- DESCRIPTION OF THE TASK: Output each entry that follows exactly. Images stay out.

- DATA TO EXAMINE:
§
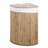 Cesto porta biancheria con struttura in bambù di colore naturale, composto da listelli di bambù tenuti insieme da un nastro di tessuto. Il cesto è dotato di due maniglie in corda ed è foderato con un tessuto di colore bianco. Il porta biancheria è dotato anche di un coperchio in bambù con una maniglia in corda.
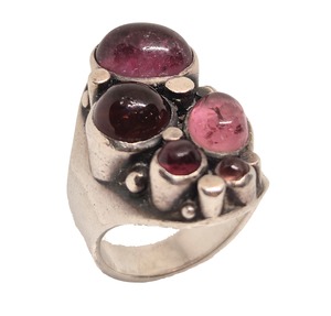 Decorative ring VINTAGE 1970s, SILVER, sig. CB, 5 tourmaline cabochons, ring head approx. 16.0 x 28.2 mm, RW approx. 56
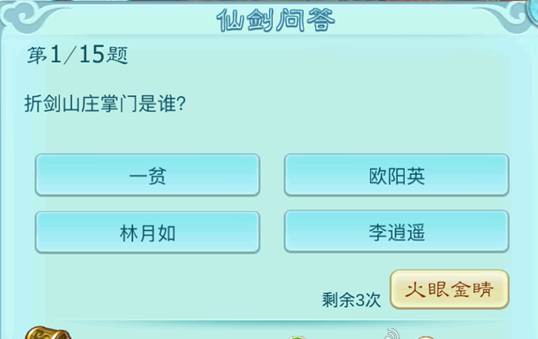 1仙剑问答每天可答题15个。
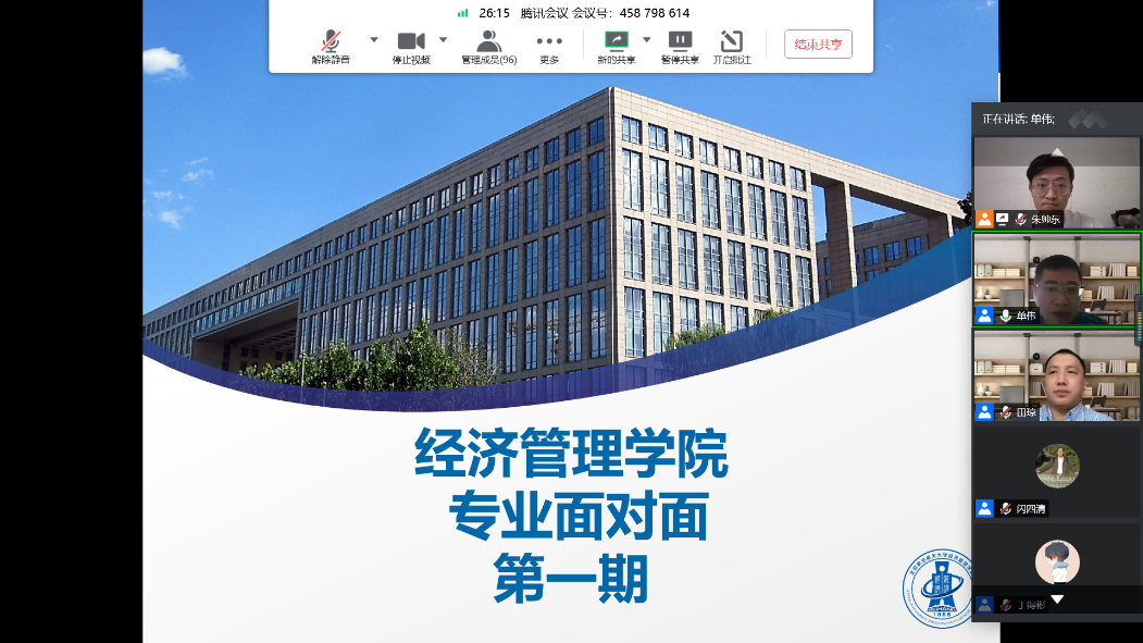 为了帮助同学们更全面、深入地认识经管公司各专业特色,结合自身兴趣特长,科学地选择和规划学习生涯及发展,经管公司邀请了各系系主任与专家教授,于校历第11周周日,第12周周三和第12周周日为2019级致真书院的同学们深入解读经管各专业,目前三期“专业面对面”宣讲通过腾讯会议平台圆满“云”完成,第一期由经济管理公司党委副书记单伟老师主持,第二期和第三期由经管公司分团委书记朱鹏宇朱导主持,工程管理、信息管理与信...
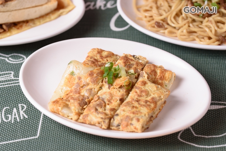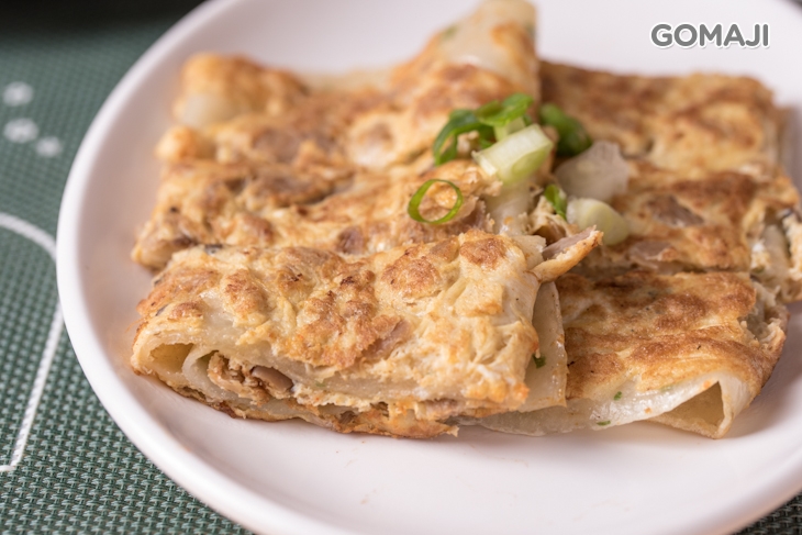南部ㄟ口味 - 菜圃蛋餅,煎檯火開啟,油一熱,店員以迅速俐落的手腳,將雞蛋打散加入菜圃,與蛋餅一同料理,烹煮過程中,菜圃與雞蛋不斷散發的香氣,迷人可口!不一會兒美味上桌,餅薄脆酥香、菜圃蛋鹹香脆口!無論單吃或是沾點佐醬品嚐,菜色新穎、口感獨特!推薦給您!
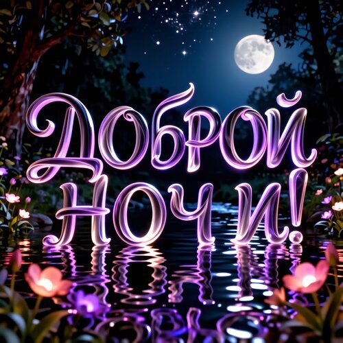 Красивая и атмосферная открытка с надписью «Доброй ночи!» на фоне ночного пейзажа. Изображение выполнено в магическом стиле с использованием фиолетовых и синих тонов. На картинке видна полная луна, светящиеся звезды, темный лес и спокойная гладь воды, в которой отражаются светящиеся объемные буквы. На переднем плане нежно цветут цветы. Идеально подходит для отправки в мессенджерах (WhatsApp, Viber, Telegram) или социальных сетях, чтобы пожелать приятных снов близким, друзьям или любимым.
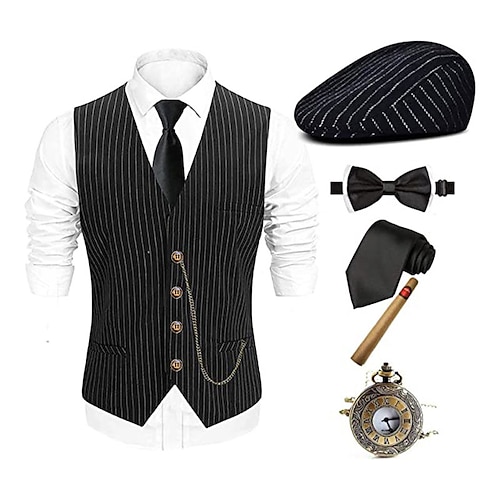 mens 1920s gangster outfit gilet con accessori set 5 pezzi retro vintage ruggenti anni '20 festa a tema costume cosplay cappello panama barba spilla canna
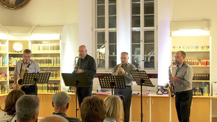 Wer sich in die Kellergewölbe hinab wagte, der konnte, im Angesicht der herzöglichen Büsten-Familie, die hier hinter dem Heizungskeller verwahrt wird, in die akustisch einnehmende Schwerelosigkeit der jazzigen Poesie des Andy Houscheid-Tri os eintauchen. Bei Leise am Markt ein frecher, sehr italienischer Liedermacher, im Staatsarchiv das feine Quadrosax in Gershwins Summertime... Man könnte so viel erzählen. Vom Comedy-Sarkasmus im Marstall mit Atze Bauer, dem musikalisch verrückten Renè Kraus und dem fränkischen Missmut in Person, Jörg Kaiser, ganz abgesehen. Denn eine "Lachnacht" war diese Kulturvöllerei auch noch.
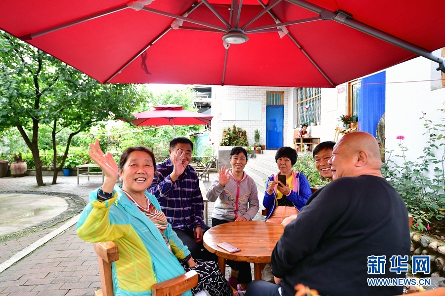 在河南省洛陽市欒川縣叫河鎮,游客在民宿的小院內休憩(8月22日攝)。 新華社記者 馮大鵬 攝
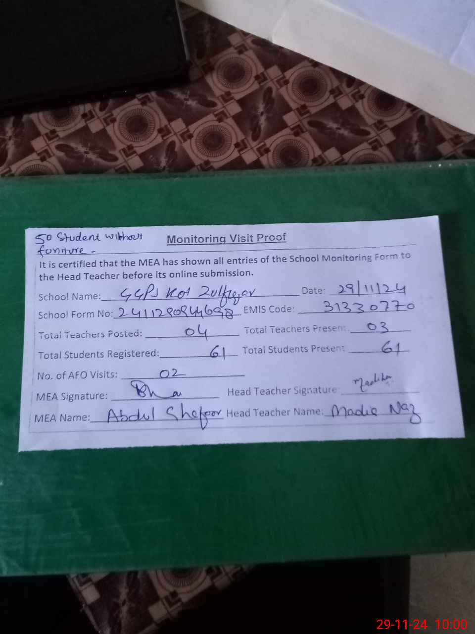 | EMIS Code: 31330770 | Name of School: GGPS KOT ZULFAQAR ALI | |||
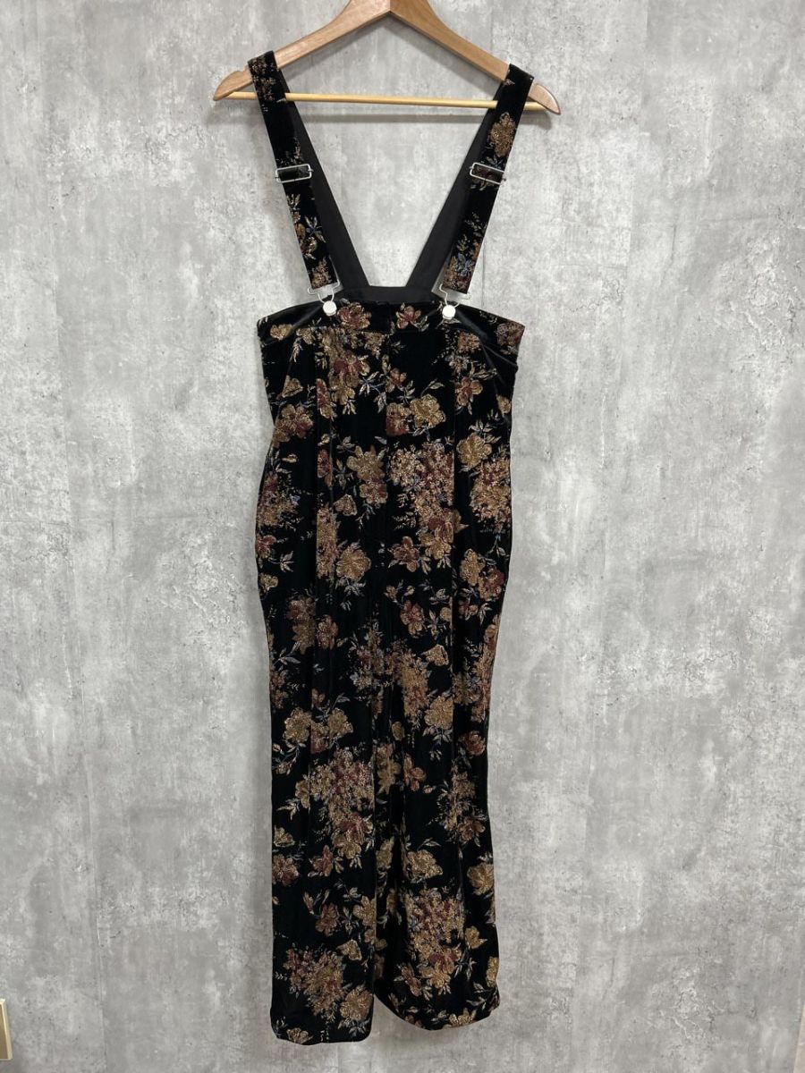 Ameri VINTAGE アメリヴィンテージ 総柄 ベロア フラワープリント サロペット オーバーオール sizeM 黒 レディース
§
- ANSWER TO THE EXERCISE:
 Cesto porta biancheria con struttura in bambù di colore naturale, composto da listelli di bambù tenuti insieme da un nastro di tessuto. Il cesto è dotato di due maniglie in corda ed è foderato con un tessuto di colore bianco. Il porta biancheria è dotato anche di un coperchio in bambù con una maniglia in corda.
 Decorative ring VINTAGE 1970s, SILVER, sig. CB, 5 tourmaline cabochons, ring head approx. 16.0 x 28.2 mm, RW approx. 56
 1仙剑问答每天可答题15个。
 为了帮助同学们更全面、深入地认识经管公司各专业特色,结合自身兴趣特长,科学地选择和规划学习生涯及发展,经管公司邀请了各系系主任与专家教授,于校历第11周周日,第12周周三和第12周周日为2019级致真书院的同学们深入解读经管各专业,目前三期“专业面对面”宣讲通过腾讯会议平台圆满“云”完成,第一期由经济管理公司党委副书记单伟老师主持,第二期和第三期由经管公司分团委书记朱鹏宇朱导主持,工程管理、信息管理与信...
南部ㄟ口味 - 菜圃蛋餅,煎檯火開啟,油一熱,店員以迅速俐落的手腳,將雞蛋打散加入菜圃,與蛋餅一同料理,烹煮過程中,菜圃與雞蛋不斷散發的香氣,迷人可口!不一會兒美味上桌,餅薄脆酥香、菜圃蛋鹹香脆口!無論單吃或是沾點佐醬品嚐,菜色新穎、口感獨特!推薦給您!
 Красивая и атмосферная открытка с надписью «Доброй ночи!» на фоне ночного пейзажа. Изображение выполнено в магическом стиле с использованием фиолетовых и синих тонов. На картинке видна полная луна, светящиеся звезды, темный лес и спокойная гладь воды, в которой отражаются светящиеся объемные буквы. На переднем плане нежно цветут цветы. Идеально подходит для отправки в мессенджерах (WhatsApp, Viber, Telegram) или социальных сетях, чтобы пожелать приятных снов близким, друзьям или любимым.
 mens 1920s gangster outfit gilet con accessori set 5 pezzi retro vintage ruggenti anni '20 festa a tema costume cosplay cappello panama barba spilla canna
 Wer sich in die Kellergewölbe hinab wagte, der konnte, im Angesicht der herzöglichen Büsten-Familie, die hier hinter dem Heizungskeller verwahrt wird, in die akustisch einnehmende Schwerelosigkeit der jazzigen Poesie des Andy Houscheid-Tri os eintauchen. Bei Leise am Markt ein frecher, sehr italienischer Liedermacher, im Staatsarchiv das feine Quadrosax in Gershwins Summertime... Man könnte so viel erzählen. Vom Comedy-Sarkasmus im Marstall mit Atze Bauer, dem musikalisch verrückten Renè Kraus und dem fränkischen Missmut in Person, Jörg Kaiser, ganz abgesehen. Denn eine "Lachnacht" war diese Kulturvöllerei auch noch.
 在河南省洛陽市欒川縣叫河鎮,游客在民宿的小院內休憩(8月22日攝)。 新華社記者 馮大鵬 攝
 | EMIS Code: 31330770 | Name of School: GGPS KOT ZULFAQAR ALI | |||
 Ameri VINTAGE アメリヴィンテージ 総柄 ベロア フラワープリント サロペット オーバーオール sizeM 黒 レディース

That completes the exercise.